Ware was 15-years-old when he first lined out as a goalkeeper with the Meaghers club, however, he spent the rest of his playing days as a full-back. He was a founder-member of the Erin's Own club in 1924. The Erin's Own club won nine consecutive Waterford Senior Hurling Championship titles between 1927 and 1935, and Ware brought his senior county medal tally to 12 with further victories in 1942, 1946 and 1947.
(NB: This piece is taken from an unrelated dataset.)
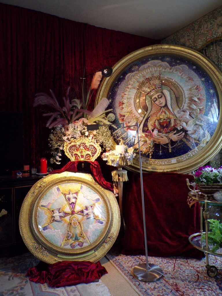 The Crowned Madonna represents the Kingdom of Heaven, ( thy KINGDOM COME) and is a massage of Light and Peace to the world by the Mother of God.
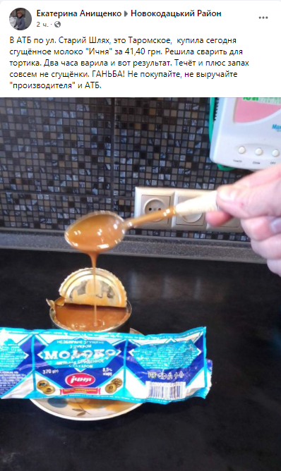 Жительница Днепра опубликовала пост о некачественном, по ее мнению, продукте. Сгущенку она купила в супермаркете АТБ.

Ware's performances at club level resulted in his inclusion on the Waterford senior hurling squad in 1925 and he was a member of the team that contested the 1929 Munster Senior Hurling Championship final. He later became the first Waterford player to be selected for Munster, and he won four Railway Cup medals between 1929 and 1934. Ware was at full-back when, in 1938, Waterford won their first ever Munster SHC title. Waterford were subsequently beaten by Dublin in the 1938 All-Ireland final.

==Post-playing career==

Ware retired from inter-county hurling in 1947, however, he remained with the team as a selector and saw his brother, Jim Ware, captain the team to their inaugural All-Ireland SHC in 1948. He was also Waterford's delegate to the Munster Council and Central Councl.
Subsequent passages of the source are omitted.